» TASK DETAILS: Could you set down only the lines from the one including "Aktualna gazetka promocyjna" to the end of the records below, inclusive and exact, leaving pictures out?

» DATA TO EXAMINE:
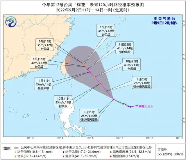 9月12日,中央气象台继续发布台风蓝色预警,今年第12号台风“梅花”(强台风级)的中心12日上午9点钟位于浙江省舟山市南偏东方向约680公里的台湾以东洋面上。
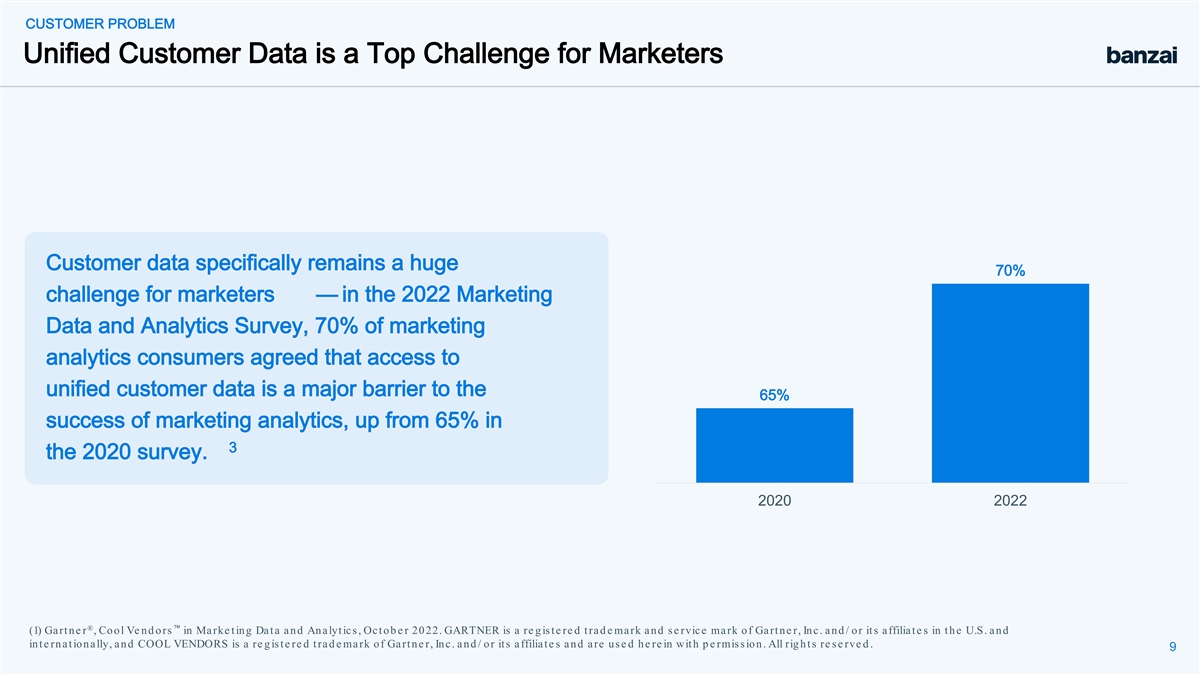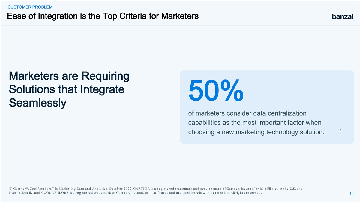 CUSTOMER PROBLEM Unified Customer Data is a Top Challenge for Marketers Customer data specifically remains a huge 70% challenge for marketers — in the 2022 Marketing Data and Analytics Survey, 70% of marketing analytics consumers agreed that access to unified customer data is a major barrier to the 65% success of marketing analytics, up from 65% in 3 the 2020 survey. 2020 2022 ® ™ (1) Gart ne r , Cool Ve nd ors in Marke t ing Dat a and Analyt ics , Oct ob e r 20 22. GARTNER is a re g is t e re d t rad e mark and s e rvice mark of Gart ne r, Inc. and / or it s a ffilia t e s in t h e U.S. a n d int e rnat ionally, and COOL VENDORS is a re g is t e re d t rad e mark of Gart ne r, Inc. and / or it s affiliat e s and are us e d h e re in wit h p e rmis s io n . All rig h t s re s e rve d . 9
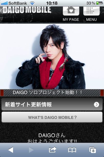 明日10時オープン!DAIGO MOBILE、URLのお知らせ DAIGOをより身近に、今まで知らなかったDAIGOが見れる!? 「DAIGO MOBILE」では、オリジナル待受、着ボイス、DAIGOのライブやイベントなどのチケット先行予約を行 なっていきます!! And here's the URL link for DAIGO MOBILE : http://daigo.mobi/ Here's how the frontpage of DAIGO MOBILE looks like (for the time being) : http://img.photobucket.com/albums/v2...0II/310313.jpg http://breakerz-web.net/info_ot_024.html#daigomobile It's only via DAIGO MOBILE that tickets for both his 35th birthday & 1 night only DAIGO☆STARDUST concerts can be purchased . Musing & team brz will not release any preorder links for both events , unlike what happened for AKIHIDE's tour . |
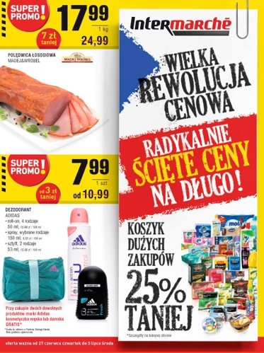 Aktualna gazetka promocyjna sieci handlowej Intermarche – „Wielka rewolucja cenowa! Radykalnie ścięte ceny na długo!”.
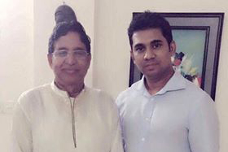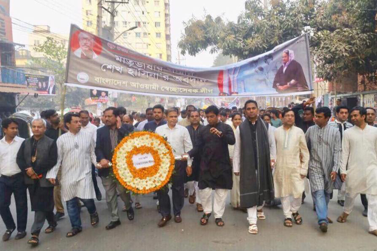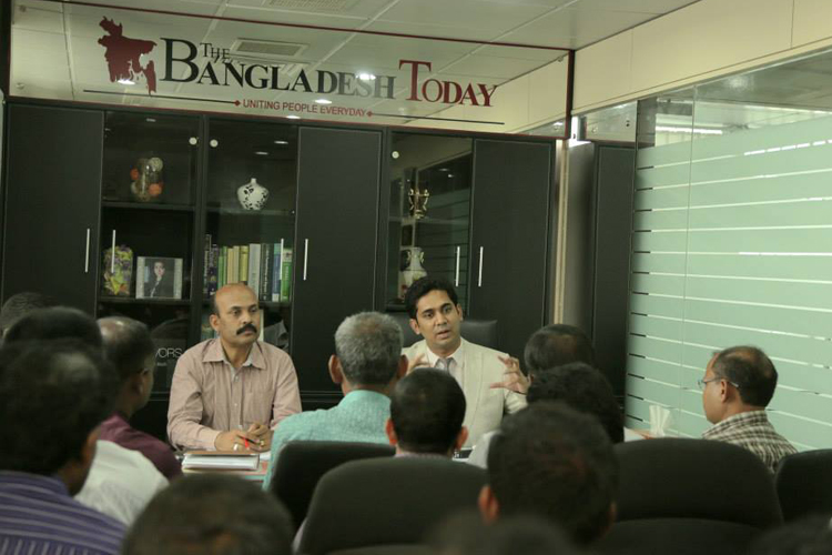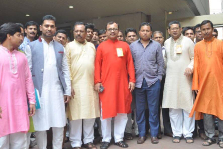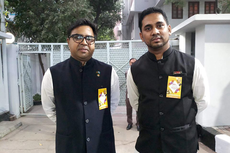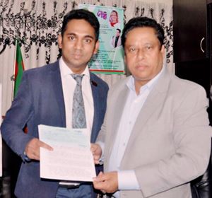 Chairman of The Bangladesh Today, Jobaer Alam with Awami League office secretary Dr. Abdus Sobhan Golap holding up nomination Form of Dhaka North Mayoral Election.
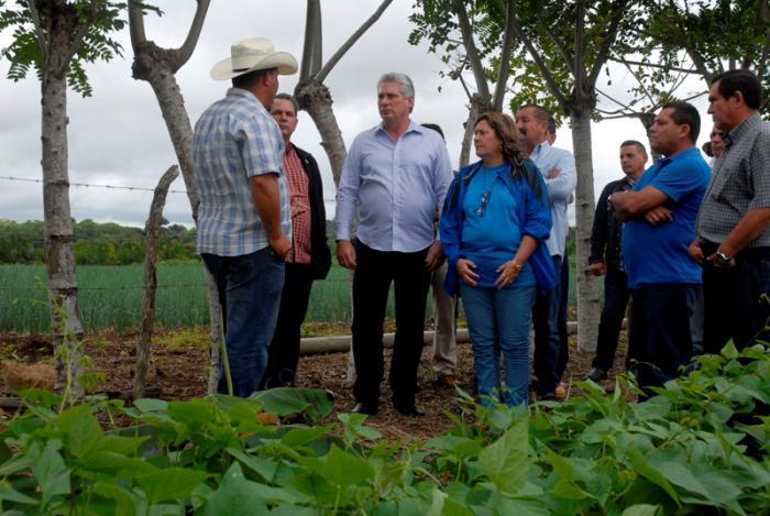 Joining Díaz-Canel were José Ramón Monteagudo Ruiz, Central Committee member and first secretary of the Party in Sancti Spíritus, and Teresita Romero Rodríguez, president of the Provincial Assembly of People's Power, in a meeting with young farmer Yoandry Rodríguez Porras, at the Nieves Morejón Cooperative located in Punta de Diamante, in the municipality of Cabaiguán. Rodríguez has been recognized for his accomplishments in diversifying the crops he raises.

» THE COMPLETED TASK:
 Aktualna gazetka promocyjna sieci handlowej Intermarche – „Wielka rewolucja cenowa! Radykalnie ścięte ceny na długo!”.
 Chairman of The Bangladesh Today, Jobaer Alam with Awami League office secretary Dr. Abdus Sobhan Golap holding up nomination Form of Dhaka North Mayoral Election.
 Joining Díaz-Canel were José Ramón Monteagudo Ruiz, Central Committee member and first secretary of the Party in Sancti Spíritus, and Teresita Romero Rodríguez, president of the Provincial Assembly of People's Power, in a meeting with young farmer Yoandry Rodríguez Porras, at the Nieves Morejón Cooperative located in Punta de Diamante, in the municipality of Cabaiguán. Rodríguez has been recognized for his accomplishments in diversifying the crops he raises.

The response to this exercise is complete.